Linda Hogan speaks at Overby Center Thursday for Green Week

Posted on Apr 20 2016 - 7:01am by Shelby Pack
(Courtesy: imagejournal.org)

(Courtesy: imagejournal.org)

Green Week keynote speaker Linda Hogan will discuss many of the environmental problems facing the world 7 p.m. Thursday in the Overby Center Auditorium .

Hogan’s speech, “Speaking Earth,” is a part of the University’s Green Week, led by the Office of Sustainability to promote a more environmentally-conscious atmosphere.

Anne McCauley, director of the Office of Sustainability said Hogan’s speech will apply to all students.

“Sustainability is relevant to every single one of us, and there is always something one can do to live a life less harmful to the environment and more beneficial to people around us,” McCauley said. “Green Week attempts to bring these concepts and issues to life, to raise questions, to provide meaning and pique curiosity.”

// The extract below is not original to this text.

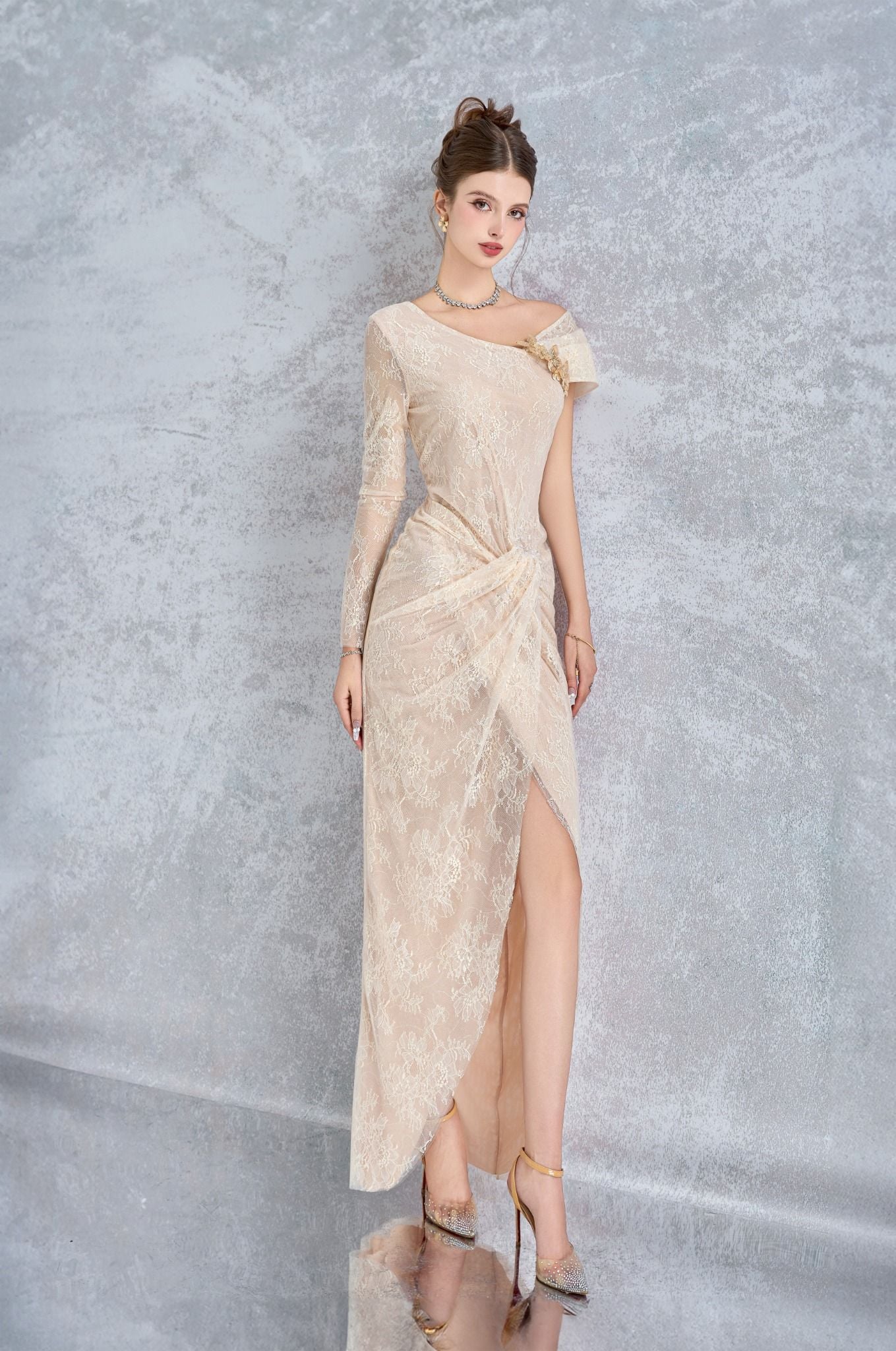 Calista khai thác phom dáng bất đối xứng; sử dụng đường cong tự nhiên theo cách mềm mại nhất. Dáng váy dạ hội đuôi cá với những biến tấu dịu dàng. Song hành là sự mới mẻ trong gam màu “earth tone” dịu mắt, nhuộm trên chất liệu ren mi và Dreamy Tulle mơ mộng đậm sắc thái mùa hè.

Hogan, a Native American writer, focuses heavily on environmental issues throughout her variety of works, as well as how that impacts indigenous culture. She is internationally acclaimed and her awards are too numerous to list. Most recently, Hogan was honored as this year’s recipient of the PEN Henry David Thoreau Prize for Nature Writing, an award given each year to a writer exemplifying excellence in environmental writing.

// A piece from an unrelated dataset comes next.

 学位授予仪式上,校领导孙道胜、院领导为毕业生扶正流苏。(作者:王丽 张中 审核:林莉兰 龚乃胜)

“Her work is considered canon for contemporary environmental and Native American poetry,” Kendall McDonald, a baccalaureate fellow in the Office of Sustainability, said. “Her appearance at the University of Mississippi is significant in that it brings a unique perspective of the role played by art, culture and spirituality in environmental issues, particularly in this region which has a deep and complex native history.”

 

Green Week provides an opportunity to get educated on problems that are pressing in both politics as well as pop culture.

“For students, Linda Hogan can help contextualize the social aspect of the environmental problems we face today,” McDonald said. “Her knowledge and passion for tribal policy and history will help forge a vital connection between such social justice issues and the environment.”

Hogan’s speech promises to prompt an interesting discussion, placing much-needed emphasis on the state of our own campus environment, according to McCauley.

“Sustainability relates to everything that we do and practically all subjects students learn in the classroom,” McCauley said. “The issues we are facing today are quite serious and deserve attention; being a part of the solution can be uplifting and empowering.”

Hogan’s speech could not come at a more poignant time Ann Fisher-Wirth, director of the Environmental Studies minor, said.

“There are no more urgent issues than these, and I encourage all students to participate and learn,” Fisher-Wirth said on the the importance of the education of the state of our environment.

Hogan’s speech is free to the public and her books will be available for purchase afterwards.